BRSK2 is a serine/threonine protein kinase located in the centrosome and endoplasmic reticulum, playing roles in cell apoptosis and cell polarity [42, 43], which are crucial for normal physiology and disease development. As part of the AMPK family, BRSK2 influences cellular metabolism, cancer progression, and other biological processes. Research identifies BRSK2 as a downstream mediator of mTORC1 signaling and an indirect activator of the AKT pathway [44, 45]. Alterations in these pathways may contribute to IPF progression [46,47,48]. In IPF, BRSK2 serves as a key pathogenic factor and is located adjacent to TOLLIP, a known susceptibility locus, which itself neighbors MUC5B, a well-established genetic determinant of IPF [49, 50]. This chromosomal proximity suggests potential interactions between BRSK2, TOLLIP, and MUC5B in the pathogenesis of IPF, warranting further investigation. Additionally, PheWAS analysis revealed a potential association between BRSK2 and neurological phenotypes, such as gray matter changes in the temporal pole, aligning with prior studies linking deleterious BRSK2 variants to neurodevelopmental disorders [51]. While BRSK2 shows significant therapeutic potential in IPF, its possible neurological side effects require careful consideration in future research, particularly through the development of targeted strategies that avoid crossing the blood–brain barrier, to balance therapeutic efficacy and safety. Future research should focus on developing targeted therapies that modulate BRSK2 expression, such as small molecule inhibitors or gene therapy. Additionally, investigating the interactions between BRSK2 and key pathways like mTORC1 and AKT may lead to the development of combination therapies that enhance efficacy while reducing side effects. Clinical trials to translate BRSK2-targeted therapies into practical applications for IPF are crucial to realizing its clinical potential.

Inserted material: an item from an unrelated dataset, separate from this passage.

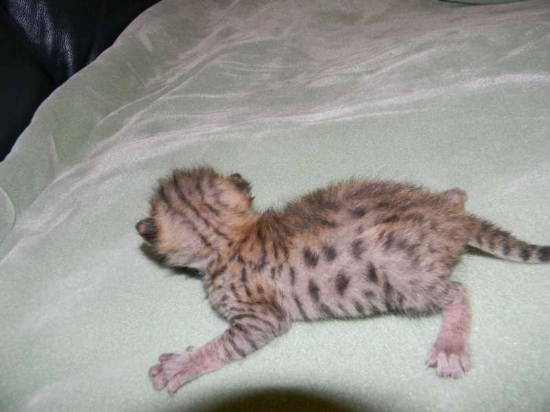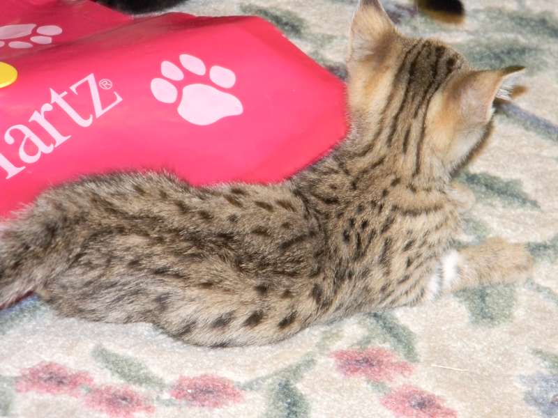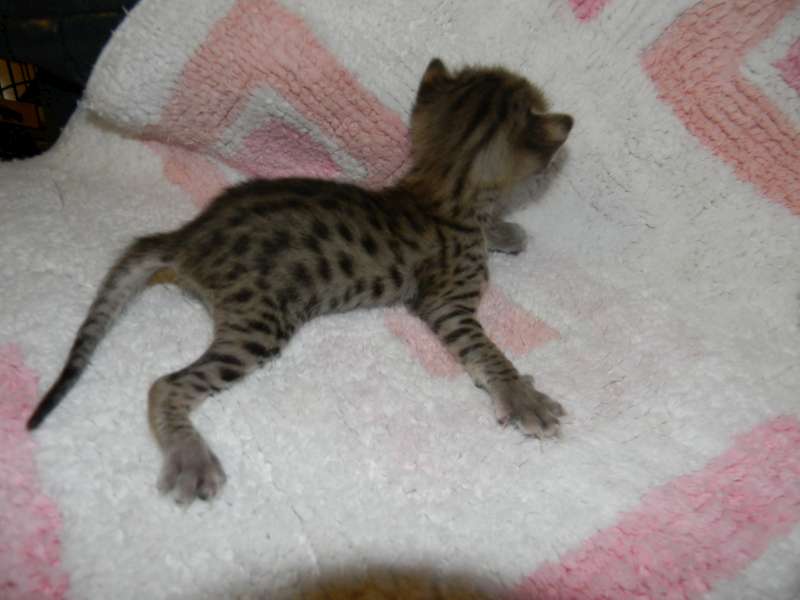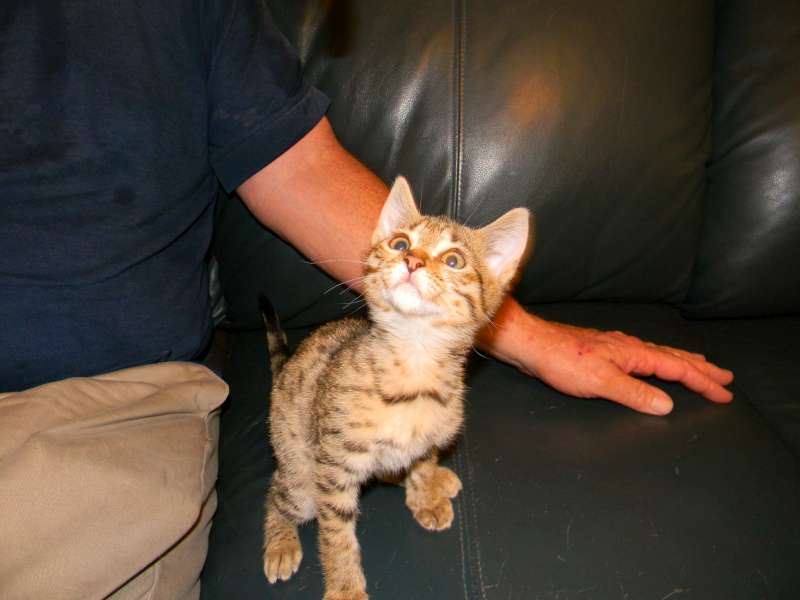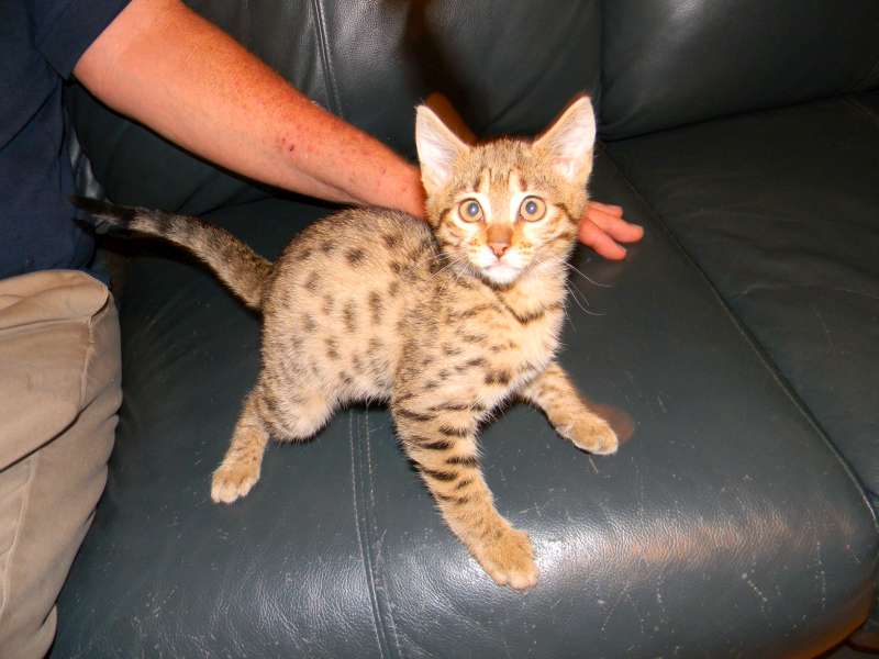 This little F-4C savannah female has big clear open spots on a beautiful golden coat. She and her sister Lots of spots have gone to their forever home with Sherie and husband in North Carolina and Florida.

Previous studies align with our findings, emphasizing key pathways in IPF pathogenesis. Reduced DEPTOR expression is associated with increased IPF susceptibility [3]. MR analyses have linked the regulation of MAPT and USP28 to IPF progression [52, 53], while the non-coding variant rs7934606 in MUC2 has been identified as an IPF risk locus in European populations [54]. POLR2L is considered a candidate gene for IPF-related genetic mechanisms [55], and the STN1-CTC1 complex may influence ILD via telomere regulation [56]. Protein interaction analyses revealed that BRSK2 is associated with MAPT and MUC2 and interacts with multiple known IPF therapeutic targets. Among BRSK2 downstream molecules, the IFNAR1 family is involved in immune conditioning during pulmonary fibrosis [57], genetic polymorphisms in IL1RN play a role in IPF pathogenesis [58], macrophages drive pulmonary fibrosis progression via NTN1 [59], and TREM2 insufficiency attenuates fibrosis through macrophage polarization via STAT6 activation [60]. VEGFA’s different expression patterns result in varied preventive or progressive outcomes in IPF [61]. Collectively, these findings identify BRSK2 as a central node in IPF signaling, warranting further investigation into its regulatory mechanisms and therapeutic potential.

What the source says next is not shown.